Undicesima e ultima scena
Dal leggìo
(Chiara Miscali) : “… Ministero della Guerra, Direzione Generale Leva e Truppa… copia dell’atto
di morte del soldato Giambattista Camedda, nato il 23 Aprile 1892 a Riola Sardo, 4° Reggimento
Bersaglieri, Torino.

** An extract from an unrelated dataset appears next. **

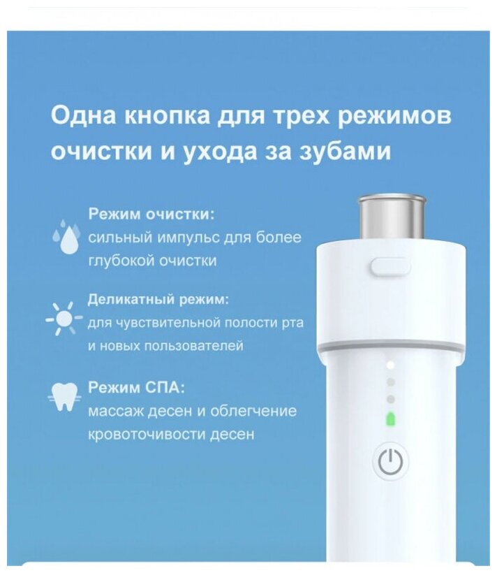 | Отзыв: | Купил по рекомендации стоматолога. Отличное качество сборки. мощный напор воды идеально вычищает пространство между зубов. поток воды можно регулировать. Отлично держит зарядку. Рекомендую для использования очень полезный гаджет. |

Figlio di Salvatore e di Frongia Maria Itria, di professione contadino, residente
e domiciliato a Riola Srado in via Oristano, titolo di studio, 2^ elementare, celibe.
Il sunnominato militare è morto il giorno 30 Novembre 1917 per ferite da pallottola di mitragliatrice
nemica riportate per fatto di guerra in combattimento, in località San Pietro di Feletto, Monticano,
Treviso.
Quest'ultima frase con particolare enfasi e lentezza perché introduce e spiega il dialogo finale
La salma del sunnominato militare è stata inumata nel cimitero militare di Redipuglia, tra i Caduti
della 3^ Armata, nel tumulo dei militari noti ma non identificati…”.
Ziu Badore, dopo un lungo silenzio, chiede a Bachisio Porcu:
- Ziu Badore (
) “… Ma in nui esti custu logu?
- Bachisio (Luca Mocci) : “ In Friuli, ziu Badò… In Italia”.
- Ziu Badore: “… e cantusu cin di vunti in custu campu santu ?
- Bachisio: “Kentu mitza... ”.
- Ziu Badore ha un sussulto:“… ih, e commenti podid' essi ? E cumment' esti sa tumba?
- Bachisio: “… tumba non bi n’hat… ziu Badò…”.
- Ziu Badore: “…E inziandusu commenti funti interrausu !?
- Bachisio: “ Sono ghettatos a pare, ziu Badò…
- Ziu Badore: “ E inziandusu Giuanni battista nostru commenmenti danti postu ?
- Bachisio: “Ke a totu sos àteros, ziu Badò… Est unu de sos kentu mitza…
Parte il video con l'inno della Brigata in sottofondo e le immagini del sacrario di Redipuglia.